= EXERCISE GOAL =
Below are records to transcribe exactly, without their pictures.
RECORDED INFORMATION START
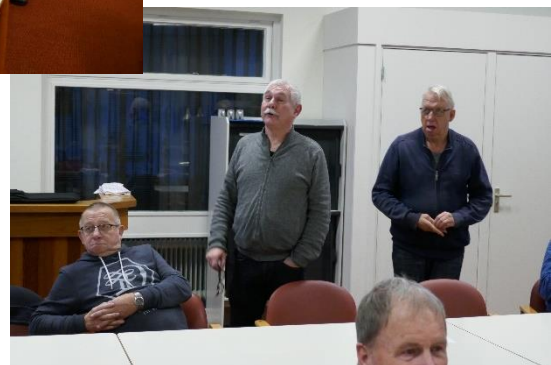
Heren, mag ik even! Dank en tot ziens (in Lv).
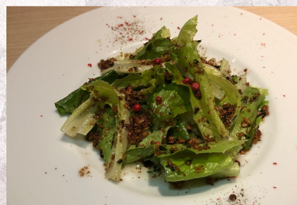
Салат с анчоусами 580 йен
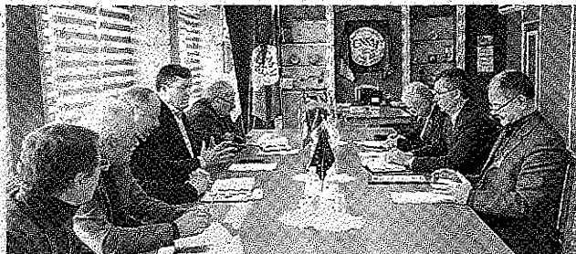
Securitatea muncii să corespundă >>> p.2 standardelor internaționale
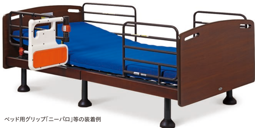
ベッド用グリップ「ニーパロ」等の装着例

在宅介護用ベッドの JIS規格 (JIS T 9254:2009) の認証取得品です
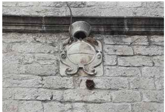
15. Grb Leonarda Foscola na pročelju crkve sv. Nikole u Šibeniku Coat of arms of Leonardo Foscolo on the front façade of St Nicholas' church in Šibenik

Zbog ratnih zasluga i ukupne politike neosporno je da ni jedan drugi vladar i vojskovođa nije stekao toliku popularnost
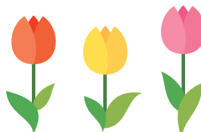
いち に さん
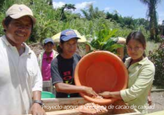
Proyecto apoyo a la cadena de cacao de calidad.
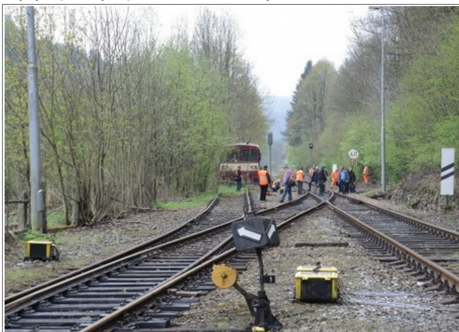
Obr. č. 3: Pohled na místo MU ze směru od hrotů výhybky č. 1 žst. Hanušovice [tzn. od hlavního (vjezdového) návěstidla ML], dokumentující HDV 810.049-7 vlaku Os 13659 v konečném postavení po MU, stojící ve vykolejeném stavu na KSK č. 105.

Výhybka č. 1 žst. Hanušovice v km 1,892 byla vložena roku 1963. Jedná se o jednoduchou výhybku J A-6° I. Lp d nov. na dřevěných kolejnicových podporách, o délce 30,054 m, s jazyky s pérovým podvlakem a hákovým závěrem.
RECORDED INFORMATION END
= EXERCISE ANSWER =
Heren, mag ik even! Dank en tot ziens (in Lv).
Салат с анчоусами 580 йен
Securitatea muncii să corespundă >>> p.2 standardelor internaționale
ベッド用グリップ「ニーパロ」等の装着例

在宅介護用ベッドの JIS規格 (JIS T 9254:2009) の認証取得品です
15. Grb Leonarda Foscola na pročelju crkve sv. Nikole u Šibeniku Coat of arms of Leonardo Foscolo on the front façade of St Nicholas' church in Šibenik

Zbog ratnih zasluga i ukupne politike neosporno je da ni jedan drugi vladar i vojskovođa nije stekao toliku popularnost
いち に さん
Proyecto apoyo a la cadena de cacao de calidad.
Obr. č. 3: Pohled na místo MU ze směru od hrotů výhybky č. 1 žst. Hanušovice [tzn. od hlavního (vjezdového) návěstidla ML], dokumentující HDV 810.049-7 vlaku Os 13659 v konečném postavení po MU, stojící ve vykolejeném stavu na KSK č. 105.

Výhybka č. 1 žst. Hanušovice v km 1,892 byla vložena roku 1963. Jedná se o jednoduchou výhybku J A-6° I. Lp d nov. na dřevěných kolejnicových podporách, o délce 30,054 m, s jazyky s pérovým podvlakem a hákovým závěrem.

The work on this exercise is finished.